## [Collected material]
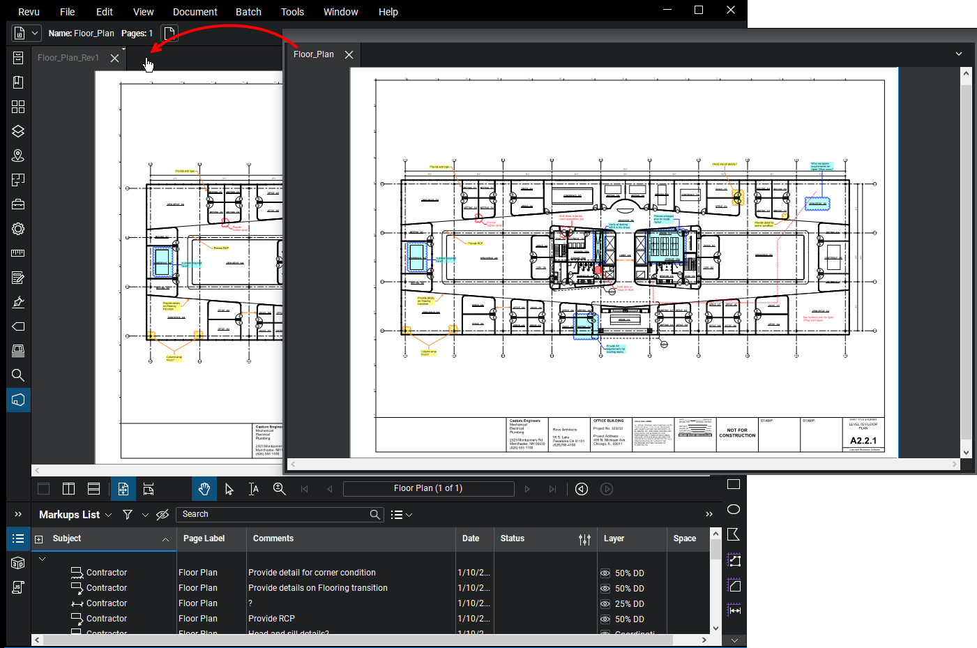 Revu's exclusive MultiView feature enables breaking the workspace up into multiple splits that can be synchronized. Additionally, MultiView Extended allows a document tab to be separated from the main workspace into a stand-alone, detached workspace.
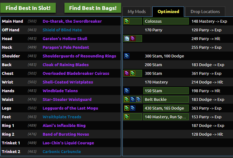 I wouldn't recommend strictly following the default builds on Ask Mr. Robot because the weights are more optimized for heroic content. I suggest looking at stat priorities on Icy-Veins and going from there. As a Prot Paladin for normal raiding content, Ask Mr. Robot prioritizes Stamina over Haste/Mastery, even though I'm at 622k HP unbuffed. I find that this amount is fine for normal content and more Haste would help with my active mitigation. Also, it always seems like I can get closer to the Hit/Expertise cap compared to Ask Mr. Robot's guide, though I haven't really messed with stat weight editing all that much.
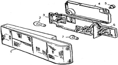 5 — розсіювач; 6 — розсіювач покажчика повороту; 7— лампа;
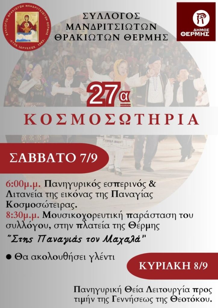 ΚεντρικήΚοινωνικάΤα 27α Κοσμοσωτήρια διοργανώνονται από τον Σύλλογο Μανδριτσιωτών Θρακιωτών Θέρμης by xristiana3 Σεπτεμβρίου 202418 Σεπτεμβρίου 20240312 Share00 3/9/2024 Ο Σύλλογος Μανδριτσιωτών Θρακιωτών Θέρμης διοργανώνει τα 27α Κοσμοσωτήρια που θα διαρκέσουν από 7-8 Σεπτεμβρίου. Αναλυτικά το πρόγραμμα των εκδηλώσεων περιλαμβάνει:

## [Work to be completed]
From the first line of the material down to the line containing "5 — розсіювач;", inclusive, return each line exactly, skipping any picture.

## [Expected answer]
 Revu's exclusive MultiView feature enables breaking the workspace up into multiple splits that can be synchronized. Additionally, MultiView Extended allows a document tab to be separated from the main workspace into a stand-alone, detached workspace.
 I wouldn't recommend strictly following the default builds on Ask Mr. Robot because the weights are more optimized for heroic content. I suggest looking at stat priorities on Icy-Veins and going from there. As a Prot Paladin for normal raiding content, Ask Mr. Robot prioritizes Stamina over Haste/Mastery, even though I'm at 622k HP unbuffed. I find that this amount is fine for normal content and more Haste would help with my active mitigation. Also, it always seems like I can get closer to the Hit/Expertise cap compared to Ask Mr. Robot's guide, though I haven't really messed with stat weight editing all that much.
 5 — розсіювач; 6 — розсіювач покажчика повороту; 7— лампа;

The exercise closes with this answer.